FRAGMENTOS NUM ÔNIBUS URBANO

FRAGMENTOS NUM ÔNIBUS URBANO

A saída da escola acontece às dezessete horas, o ponto de ônibus fica cerca de trezentos metros. O ônibus passa exatamente as dezessete e seis, o que significa uma corrida rua acima para não ter que esperar meia hora de pé no ponto para tomar o próximo ônibus que passa sempre atrasado e muito mais cheio.

Depois de três anos fazendo esse percurso correndo três quadras depois de quatro horas na sala de aulas lecionando para trinta e oito, quarenta púberes, mais um dia não parece tão difícil assim.

Nesse dia em especial a corrida valeu a pena havia um banco vazio bem na frente; o primeiro banco, aquele que fica logo abaixo do cobrador. Digo abaixo porque estrategicamente os bancos destinados aos trocadores são mais altos para que eles possam vigiar os passageiros enquanto a viagem acontece.

O cérebro latejava, aquela dorzinha enjoada obrigava cerrar os olhos, o ônibus sacolejava parecendo uma centrífuga tentando desenrolar a roupa no seu interior para impor velocidade e expelir a água das fibras. Os solavancos emprestavam uma languidez, olhos cerrados, cabeça recostada, tudo contribuía para uma espécie de transe que pouco a pouco desliga o cérebro dos barulhos costumeiros e induz a ouvir fragmentos de conversas... a Torre de Babel que acontece todos os dias em todos os ônibus urbanos.

Primeiro a insistência de um homem possivelmente embriagado tentando convencer o cobrador que um selo de maço de cigarros achado na rua era um passe: “Eu juro pro senhor que eu encontrei esse passe caído no chão...eu não roubei não “sêo” cobrador é verdade...pega aí “ô” deixa eu passar logo”...

“Isso não é um passe! É um selo de cigarro... ou você paga ou vai ter que descer no próximo ponto”... “mas... escuta aqui cobrador”... “não tem nada de escuta aqui... encosta motorista... vamos desovar esse palhaço”. Os olhos cerrados sequer se deram ao trabalho de abrir para ver a cena.

Toda a movimentação deve ter culminado realmente em expelir o pobre bêbado, porque sua voz cessou e outras entraram naquele canal de comunicação.

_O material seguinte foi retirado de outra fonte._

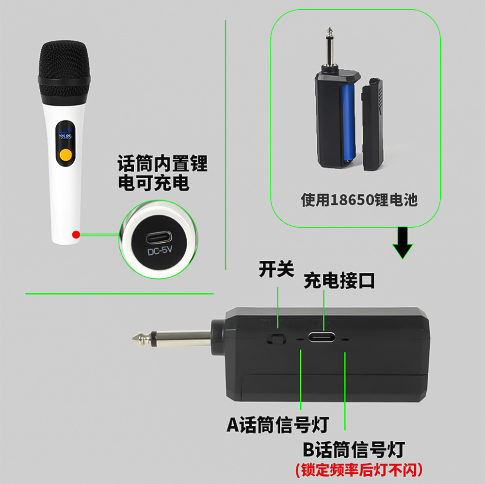 무선 마이크 충전식 1-2 무선 휴대용 KTV 노래 듀얼 마이크 크로스보더 핫셀러 야외 xs

“Rapaz, mais o que foi aquilo, o juiz meteu a mão no coitado do verdão ontem...”cê” viu cara. Que pouca vergonha...deve ter dedo de cartola são-paulino naquilo rapaz... não é possível”. “O pior é que tem mesmo, não tem explicação umas barbaridades daquela. Parecia jogo de fazenda, não deu nem graça... larguei tudo e fui dormir tinha que acordar cedo e ficar perdendo sono pra ver aquela porcaria”! As vozes grossas dos torcedores indignados dão lugar a outras vozes femininas. Doces, pausadas, sonhadoras...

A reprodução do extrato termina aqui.